I let my head fall back. This might be going a touch too far. I was never going to let him actually fuck me, but he doesn’t need to know that. “Depends. Do you think you know what you’re doing?”

“You’re a real piece of shit,” he says, laughing humorlessly as he continues to play with my rim. “You really think that a tight little shirt is going to make me cave? You think this ass is enough to make me break? Are you that self-absorbed to think that everyone wants you?”
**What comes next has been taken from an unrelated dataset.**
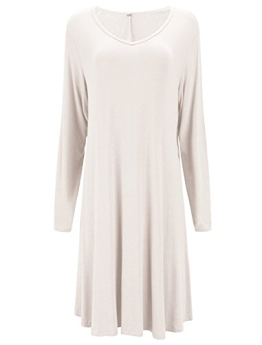 The fabric is so soft and stretchy.You can wear it with scarf and boots or sandal or any shoes and you still look gorgeous!The neck is V shape in front and round in the back.Please check our size chart before ordering.

My breath hitches, but I try not to let it show how that stings because that’s not true. I don’t think that, not at all. My mind is getting mixed signals now as one blunt tip slides into me, the burn so perfect, but I can’t enjoy it before Rhys continues.

“You disgust me, Everest,” he spits, moving one hand from my hip to wrap around my throat. “Everything about you is the absolute worst. I said it before, and I’ll say it again. Self-centered, arrogant, and narcissistic. Just a little boy trying to get everyone’s attention because he’s too unsatisfied with himself to not need some sort of validation. Because that’s what you are, right? You’re the one who’s scared.”

Once again, I’m struck. This isn’t how this was supposed to go. I was just supposed to fuck with him a little, get him back for all the shit he’s said to me, but he’s gone too far. He’s… No, he can’t be right. I’m not any of those things. But when he says it with such conviction, it’s hard not to believe.

“Shit, are you crying now?” Giving my cheek a light slap, he laughs, so cruel it’s unbearable as he snakes his hand out of my pants. “You’re so pretty when you cry. Is it because you know I’m right?”

I don’t say anything but instead turn my head away from him, shrinking into myself as all my insecurities come out into the light of the dim alley. The fact that I’m not good enough, smart enough, loyal enough.

He laughs one more time. This one deep and serious. Ominous. Leaning in close so I can feel his breath against my cheek, his nose drags up the side of my face. “I told you. I always win.”

And as he walks away, leaving me utterly broken and terrified of myself, I realize he might be right.